§ WORK TASK
When the listing below reaches the line that has "3. 某些币种需要填写标签,例如XRP,在充值地址的上方", start reproducing exactly; stop after the line that has "一线城市优质试题海淘精编卷(二)八年级下", and drop the pictures.

§ DATA SECTION
########################################

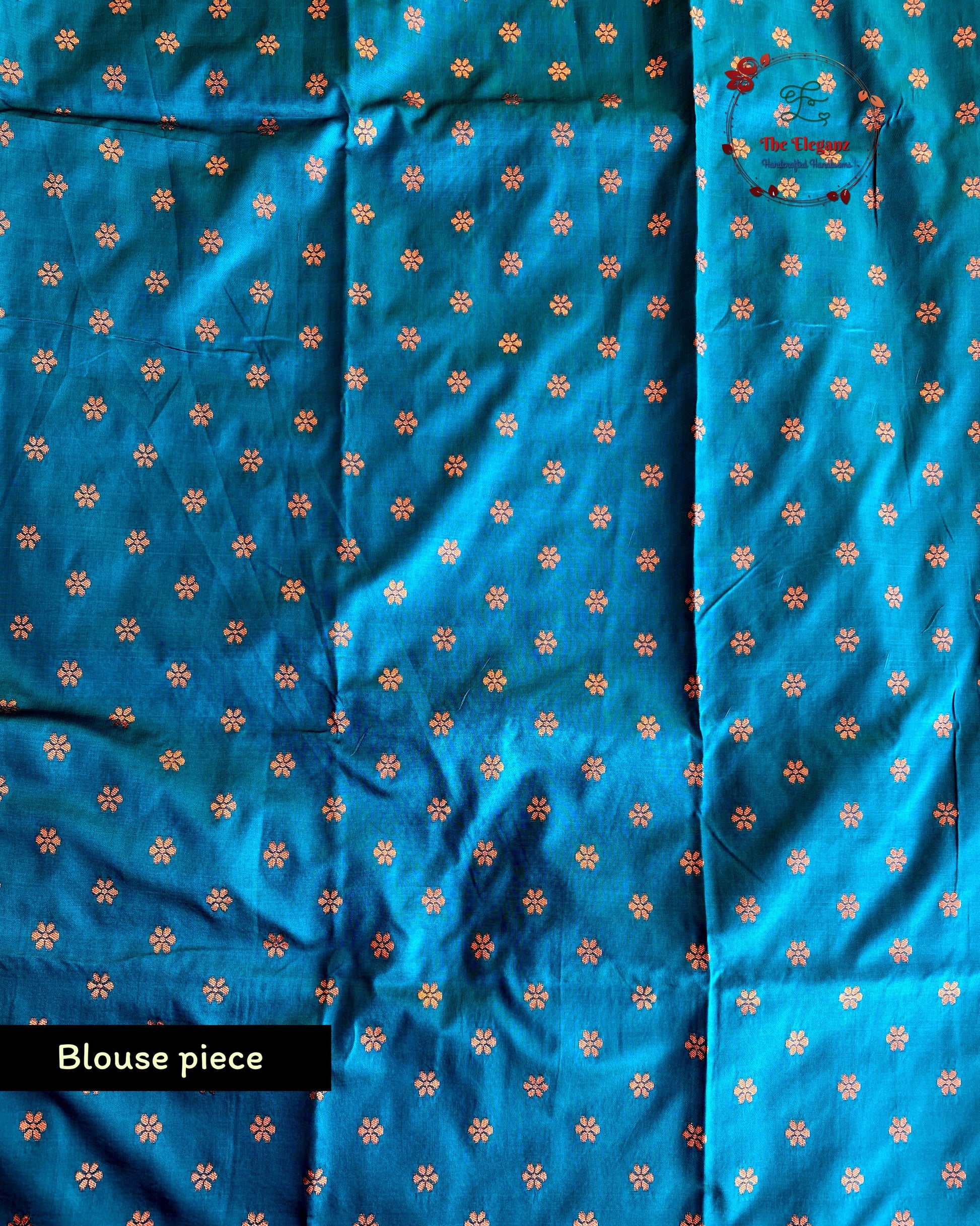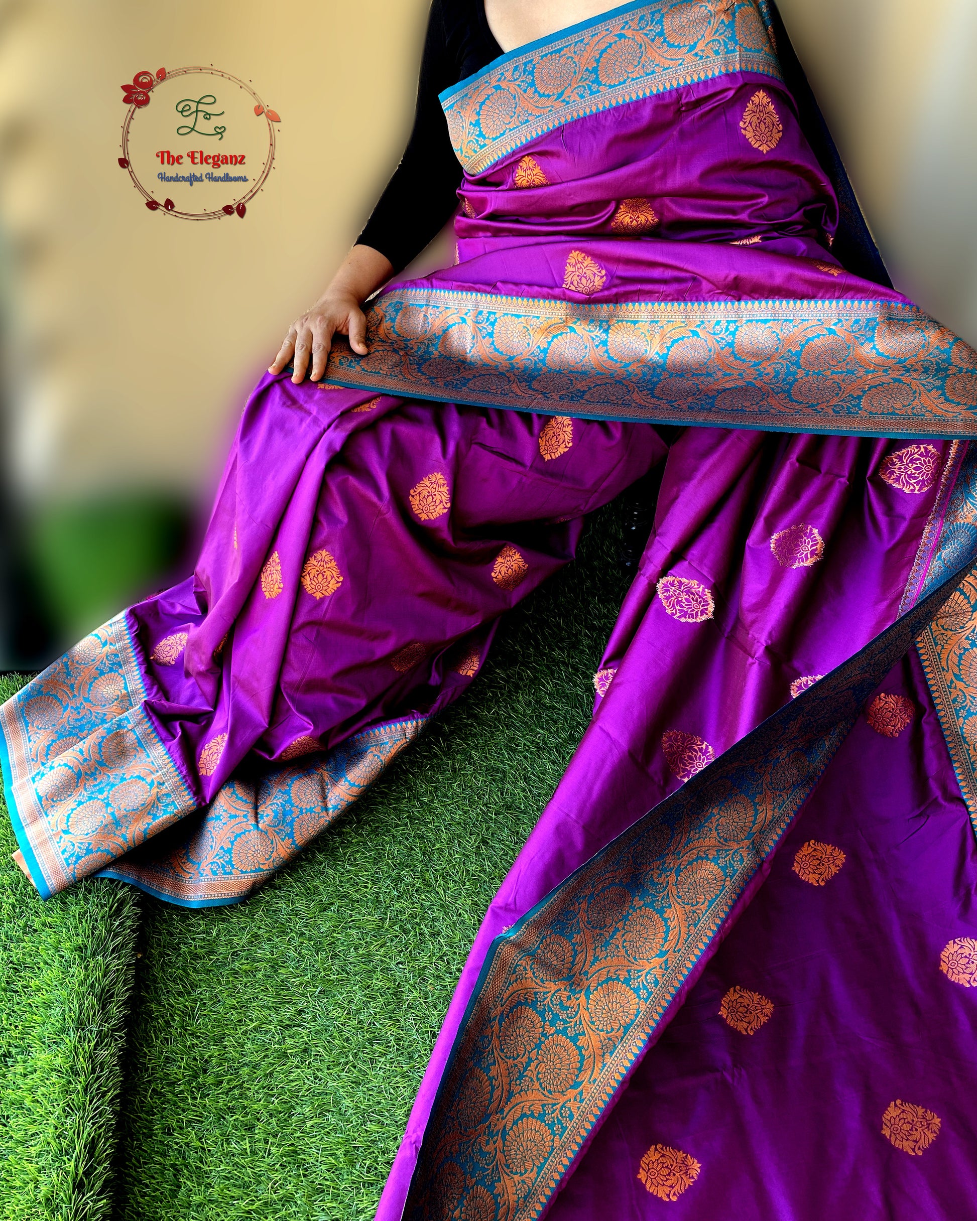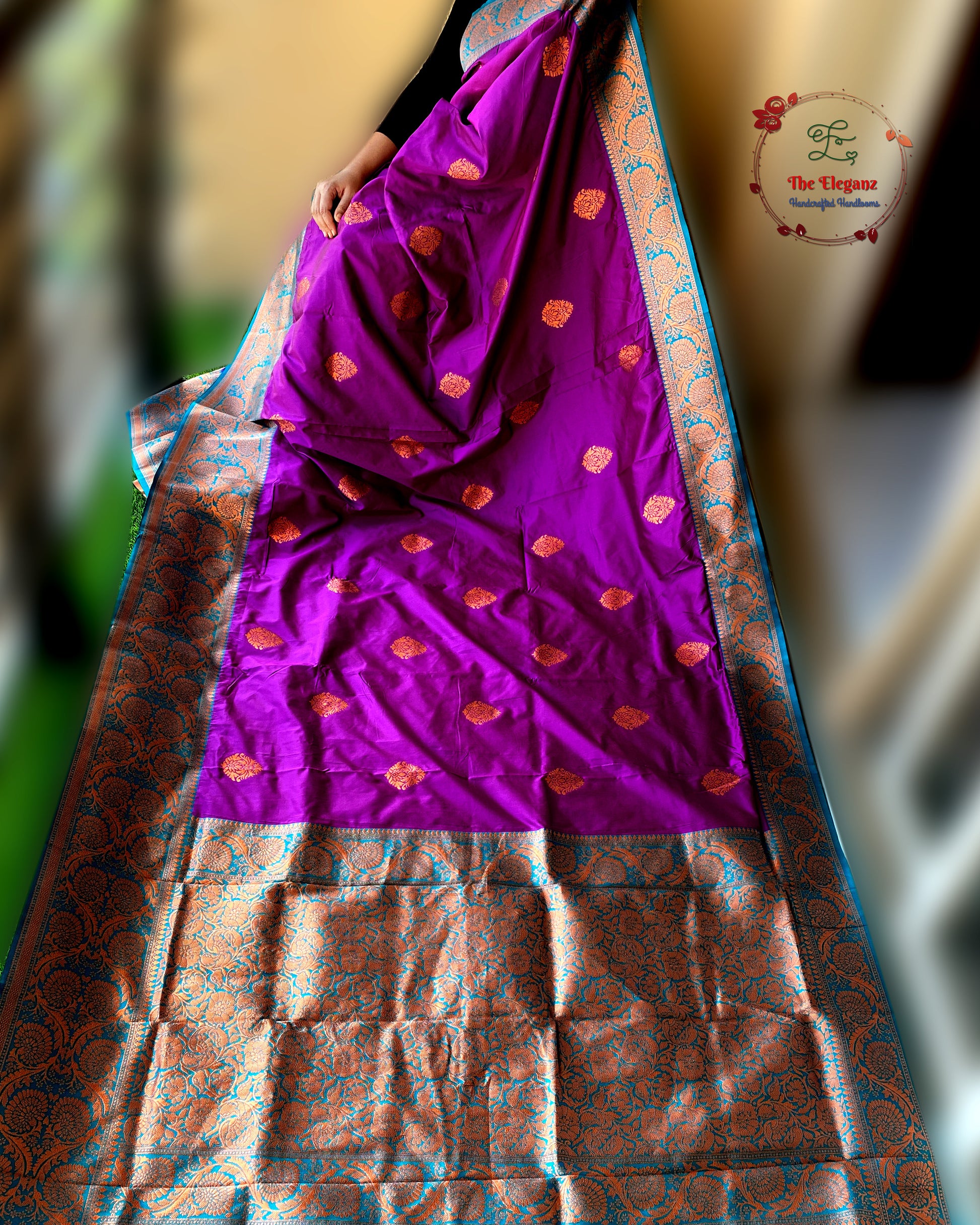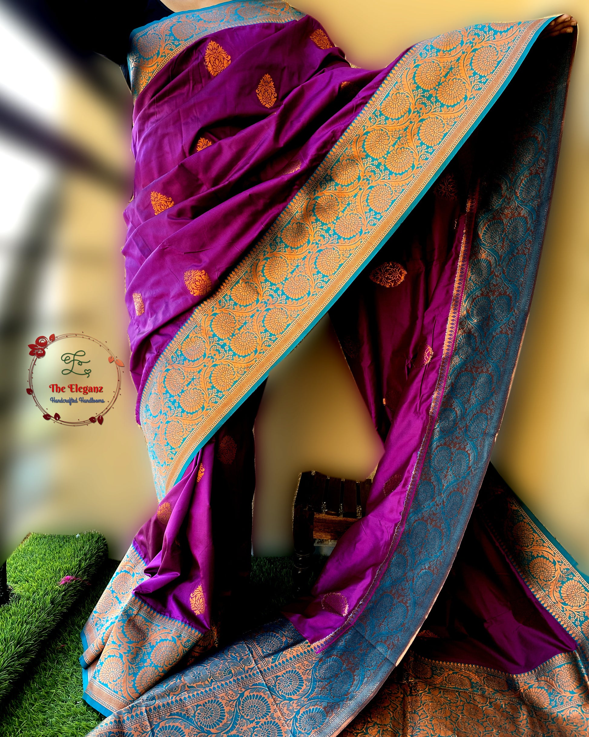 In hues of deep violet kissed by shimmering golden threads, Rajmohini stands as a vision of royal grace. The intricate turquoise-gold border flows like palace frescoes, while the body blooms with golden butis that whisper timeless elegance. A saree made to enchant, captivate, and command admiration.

########################################

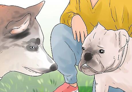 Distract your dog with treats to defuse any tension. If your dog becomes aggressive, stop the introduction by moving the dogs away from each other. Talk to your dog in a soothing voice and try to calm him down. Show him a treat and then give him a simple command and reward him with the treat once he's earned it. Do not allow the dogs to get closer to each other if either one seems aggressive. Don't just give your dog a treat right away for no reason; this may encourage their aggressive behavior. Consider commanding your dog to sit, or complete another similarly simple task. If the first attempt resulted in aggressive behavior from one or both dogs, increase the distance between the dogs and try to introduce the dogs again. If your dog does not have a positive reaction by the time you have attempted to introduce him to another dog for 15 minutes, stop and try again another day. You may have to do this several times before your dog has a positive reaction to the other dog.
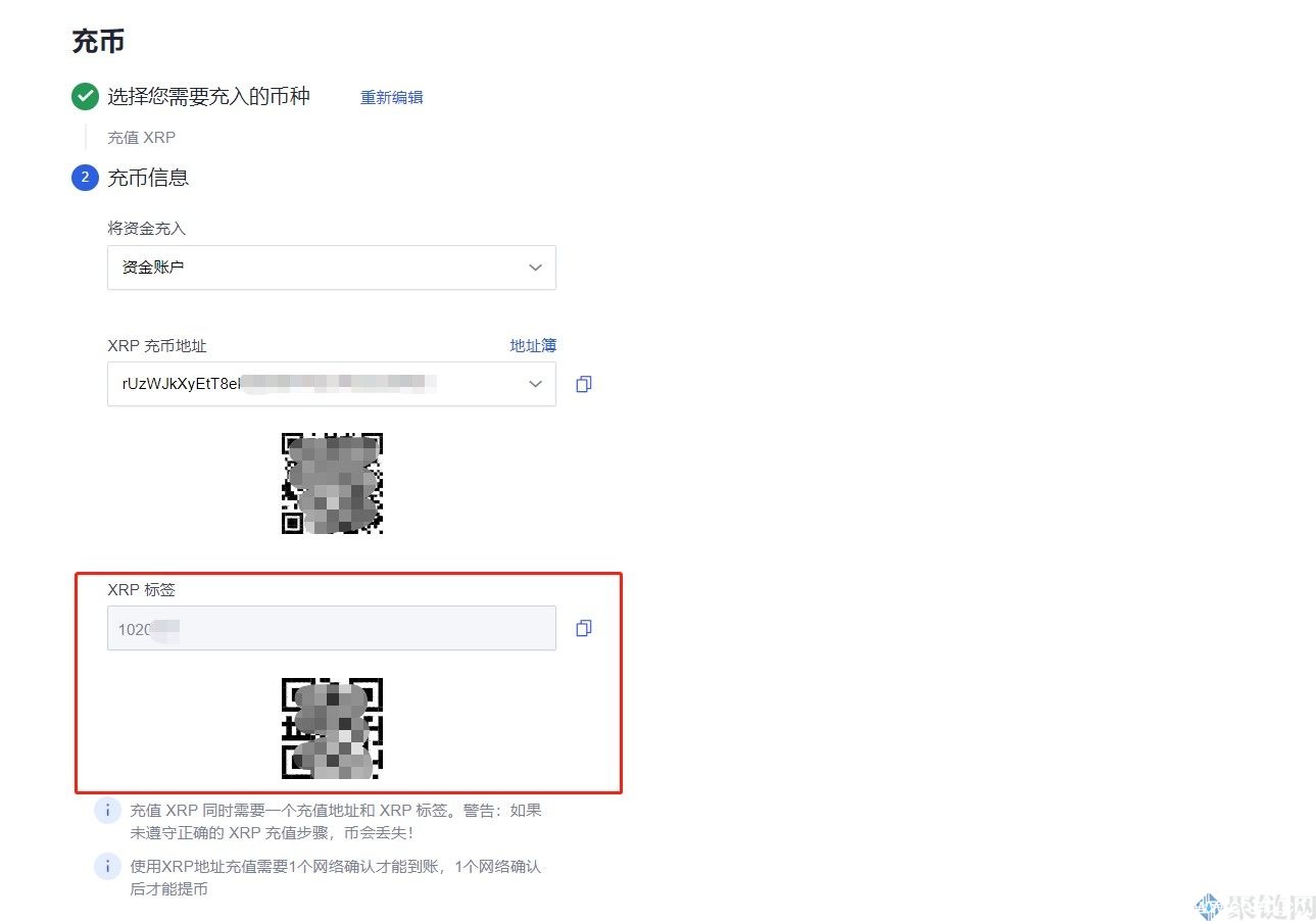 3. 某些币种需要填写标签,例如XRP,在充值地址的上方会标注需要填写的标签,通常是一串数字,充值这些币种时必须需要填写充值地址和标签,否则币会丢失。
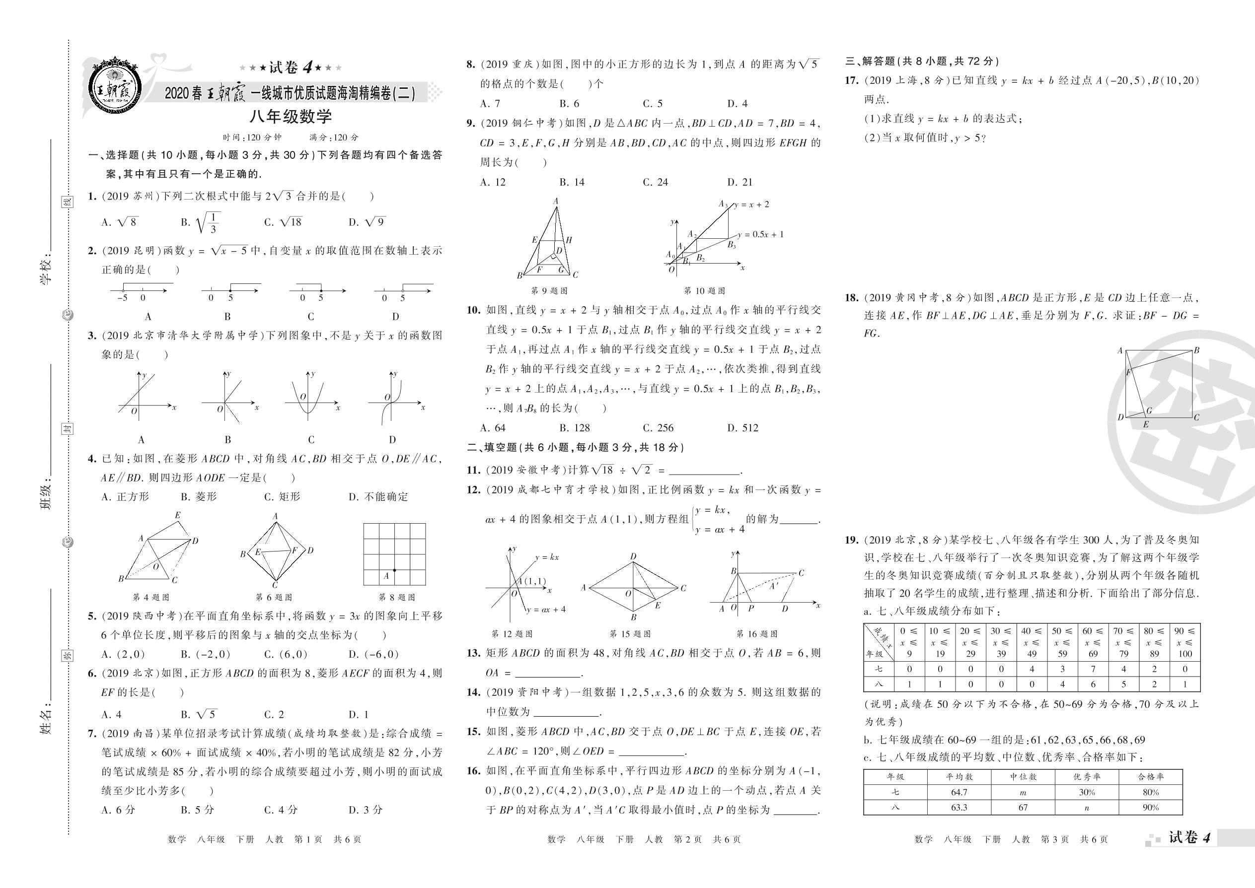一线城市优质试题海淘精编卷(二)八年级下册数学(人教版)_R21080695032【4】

########################################

§ SOLUTION FOR THIS TASK
 3. 某些币种需要填写标签,例如XRP,在充值地址的上方会标注需要填写的标签,通常是一串数字,充值这些币种时必须需要填写充值地址和标签,否则币会丢失。
一线城市优质试题海淘精编卷(二)八年级下册数学(人教版)_R21080695032【4】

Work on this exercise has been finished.